NHL missing link and the point

CHRIS STEVENSON -- Ottawa Sun

, Last Updated: 9:16 AM ET

So, now we're assured, this is it, really, no more kidding around, "we're-gonna-do-it" time.

Okay, maybe not today, but tomorrow, for sure.

Reports are NHL commissioner (for now) Gary Bettman will step up to a microphone in New York today ... uh ... tomorrow, and officially pull the plug on the respirator that has kept the 2004-2005 season alive, if in spirit only.

It has been on life support for the better part of a couple of weeks and you could make the argument everybody who is responsible for bringing us to the cusp of this unprecedented situation in North American professional sports has been brain dead.

There were reports of another last, last, last-ditch negotiating session yesterday and of a player initiative to broker a deal. You can only hope that having to stare into the abyss has got some people thinking.

What did they see? That maybe Dr. Bettman's antidote is looking worse than the disease.

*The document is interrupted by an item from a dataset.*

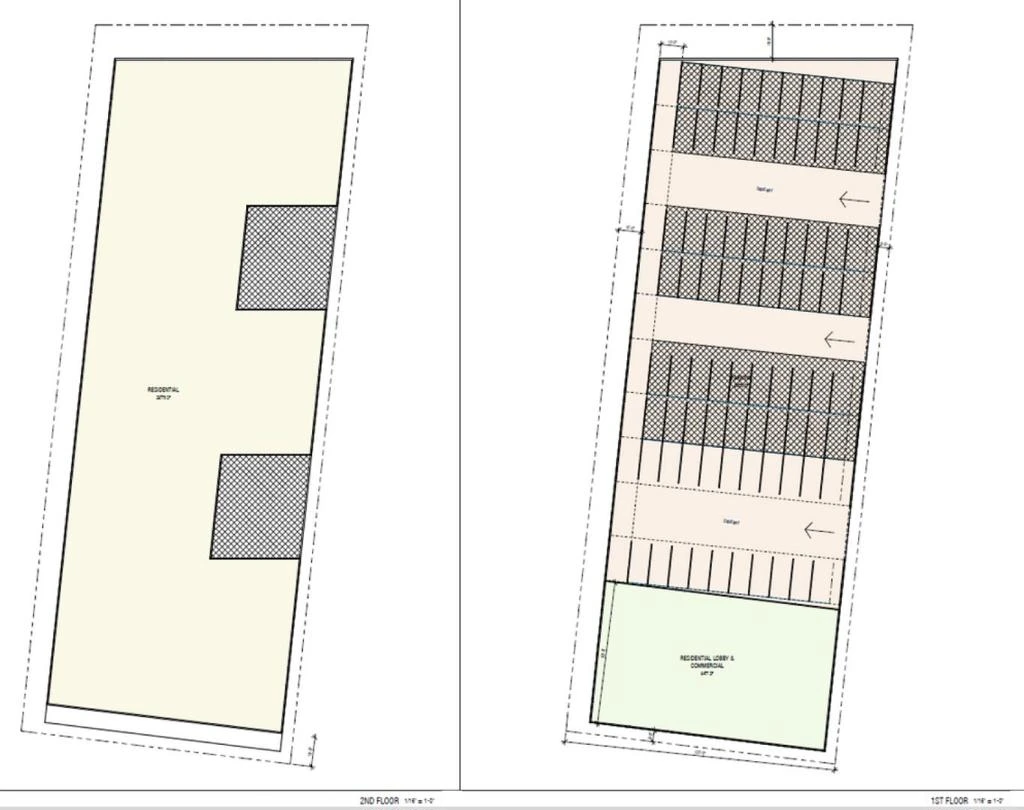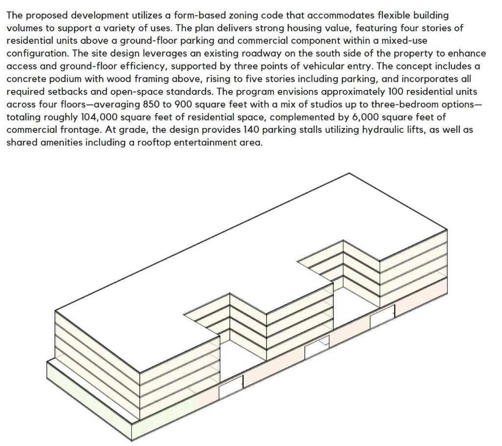 The proposed development offers two compelling housing options designed for modern living and strong community value. Option 1 features 23 three-story townhomes with spacious layouts, enhanced privacy, and a cohesive neighborhood feel, incorporating private yards and rooftop terraces for elevated outdoor living. The site plan maximizes efficiency by utilizing an existing southern roadway and includes three vehicular access points for improved circulation while meeting all setback and open-space requirements. Option 2 presents a mixed-use condo concept under a form-based zoning approach, with four stories of residential units above ground-floor parking and commercial space. This design includes approximately 100 units ranging from studios to three bedrooms, averaging 850 to 900 square feet, totaling about 104,000 square feet, along with 6,000 square feet of commercial frontage. Built with a concrete podium and wood framing above, the five-story structure incorporates 140 parking stalls with hydraulic lifts and shared rooftop amenities, delivering a flexible, efficient, and vibrant residential environment.

The NHL mantra through this whole thing has been the hardship of a lockout was a more attractive alternative to the status quo.

Now?

Dunno about you, but I'm not so sure and, it seems, neither are some other people.

OLD SYSTEM LOOKS GOOD NOW

Teams were going to fold under the old system, we were told, but you'd have to say that exists as a very real possibility on the scorched Earth of the new NHL world.

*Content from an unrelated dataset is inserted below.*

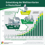 Die Entwicklung der Wolfsterritorien in Deutschland zeigt, dass die Wolfsbestände weiterwachsen. Dabei sind die Wolfsterritorien regional sehr unterschiedlich verteilt.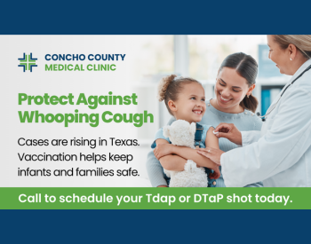 "Our community takes care of each other. Making sure you and your children are up to date on the whooping cough vaccine is one way to do that — especially for the newborns and vulnerable neighbors who depend on us. If you’re unsure of your vaccination status, call us. We’ll walk you through it.” — Amanda Wahmann, Concho Medical Clinic Manager

Consider the possible landscape if the NHL is ever capable of resurrecting itself from beneath the mound of dirt and ashes under which it has buried itself.

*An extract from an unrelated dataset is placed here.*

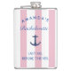 "¡Brindar a la futura vela final de la novia antes del velo con esta moda y divertido "¡Última vela antes del velo!", frasco de soltero! Diseñado con un toque náutico, el matraz presenta un texto en negrita con un toque de color rosa y blanco lúdico, lo que lo convierte en un accesorio elegante y práctico para la novia y su equipo. Ya sea que esté celebrando en la playa, en un barco o en una fiesta previa a la boda, este elegante matraz garantiza que su bebida favorita se quede con usted con estilo. Un gran aguijón y el inicio de la conversación, ¡es el regalo perfecto para la futura novia y su equipo mientras navegan en el siguiente capítulo!"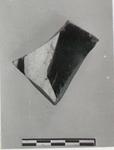 Description:   Fragment of sizable pot, unglazed inside: perhaps a stand. On exterior, parts of a pair of legs done in added white over the reserved ground. Trace of some object, reserved, at right.

I'm not so sure now the status quo looks that bad. Some teams were making a lot of money and the Calgary Flames and Tampa Bay Lightning, one a small and the other a non-traditional market, made it to the Stanley Cup final.

The teams that weren't making money probably will still struggle to do so in a post-lockout environment because their problems are market, rather than labour, related.

The biggest miscalculation by everyone in this is the amount of indifference with which a winter without NHL hockey has been greeted, even here in Canada.

It has been stunning.

People, particularly in the U.S., just don't care.

Even here in Canada, NHL fans, thinking of another night of watching the Leafs or Senators play the Blue Jackets, realize they aren't missing much.

Which brings us to an important point.

WALK AWAY

As the NHL closed its doors to its players, it opened another. That was the door that allowed fans, season-ticket holders, sponsors and corporations to walk away and find out they didn't miss the game that much.

They are finding out there are other things on which to spend their money.

Maybe, as Ken Dryden suggested the other day, the NHL was more of a habit in the lives of many Canadians than a passion.

Once you stopped your regular partaking of Bettman's Kool-Aid, you saw the cult for what it was: An overpriced, over-coached, usually uninspiring product.

It's not out of the question now, given the raging indifference, that the damage incurred by this lockout will outstrip the losses the league suffered under the old system.

If there is a fan backlash, that means a decline in attendance and TV ratings. The best the NHL could do in the U.S. before the lockout, was a deal in which it split profits (if there were any) with a network.

Here in Canada, it could mean less money from the CBC and TSN, the two networks which were actually willing to pay to distribute its games.

If corporations have found their sales have not drastically declined in the absence of entertaining clients at NHL games, that means a reduction in sponsorship and luxury suite revenues.

SALARIES TIED TO REVENUES

The damage incurred by the lockout means the NHL will be even more steadfast in its insistence that player salaries be linked to revenues because the revenues are going to be taking a hit, maybe a massive hit.

The NHL owners are going to want the players to share the pain.

A sad twist on this situation: The NHL could find itself just getting back to where it was (that's not saying much) before the lockout in terms of fan and corporate support just about the time the next CBA expires.

Then we get to do all this again.

Just another happy thought ... and something all concerned should be thinking about before Bettman insists on pulling the plug today, er, ahh, tomorrow.